*** Input ***

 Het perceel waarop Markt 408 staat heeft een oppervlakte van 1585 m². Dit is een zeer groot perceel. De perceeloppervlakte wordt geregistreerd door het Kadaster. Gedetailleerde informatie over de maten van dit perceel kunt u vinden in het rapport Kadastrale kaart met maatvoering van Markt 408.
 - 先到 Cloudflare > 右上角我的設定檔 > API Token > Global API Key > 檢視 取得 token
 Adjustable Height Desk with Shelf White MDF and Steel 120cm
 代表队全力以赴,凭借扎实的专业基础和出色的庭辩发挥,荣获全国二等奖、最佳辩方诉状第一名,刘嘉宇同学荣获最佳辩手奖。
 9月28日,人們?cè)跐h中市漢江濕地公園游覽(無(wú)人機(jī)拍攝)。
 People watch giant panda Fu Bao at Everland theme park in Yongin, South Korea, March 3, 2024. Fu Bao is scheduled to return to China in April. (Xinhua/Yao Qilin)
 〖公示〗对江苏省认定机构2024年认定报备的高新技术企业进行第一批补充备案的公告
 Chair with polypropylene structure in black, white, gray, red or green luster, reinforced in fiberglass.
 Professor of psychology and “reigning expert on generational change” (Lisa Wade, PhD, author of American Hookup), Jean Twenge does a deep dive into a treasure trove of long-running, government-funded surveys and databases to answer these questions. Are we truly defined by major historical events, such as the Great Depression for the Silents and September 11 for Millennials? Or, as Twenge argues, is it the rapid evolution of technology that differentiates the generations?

***

The task:
The response has to match the data exactly, line for line.

Answer box:
 Het perceel waarop Markt 408 staat heeft een oppervlakte van 1585 m². Dit is een zeer groot perceel. De perceeloppervlakte wordt geregistreerd door het Kadaster. Gedetailleerde informatie over de maten van dit perceel kunt u vinden in het rapport Kadastrale kaart met maatvoering van Markt 408.
 - 先到 Cloudflare > 右上角我的設定檔 > API Token > Global API Key > 檢視 取得 token
 Adjustable Height Desk with Shelf White MDF and Steel 120cm
 代表队全力以赴,凭借扎实的专业基础和出色的庭辩发挥,荣获全国二等奖、最佳辩方诉状第一名,刘嘉宇同学荣获最佳辩手奖。
 9月28日,人們?cè)跐h中市漢江濕地公園游覽(無(wú)人機(jī)拍攝)。
 People watch giant panda Fu Bao at Everland theme park in Yongin, South Korea, March 3, 2024. Fu Bao is scheduled to return to China in April. (Xinhua/Yao Qilin)
 〖公示〗对江苏省认定机构2024年认定报备的高新技术企业进行第一批补充备案的公告
 Chair with polypropylene structure in black, white, gray, red or green luster, reinforced in fiberglass.
 Professor of psychology and “reigning expert on generational change” (Lisa Wade, PhD, author of American Hookup), Jean Twenge does a deep dive into a treasure trove of long-running, government-funded surveys and databases to answer these questions. Are we truly defined by major historical events, such as the Great Depression for the Silents and September 11 for Millennials? Or, as Twenge argues, is it the rapid evolution of technology that differentiates the generations?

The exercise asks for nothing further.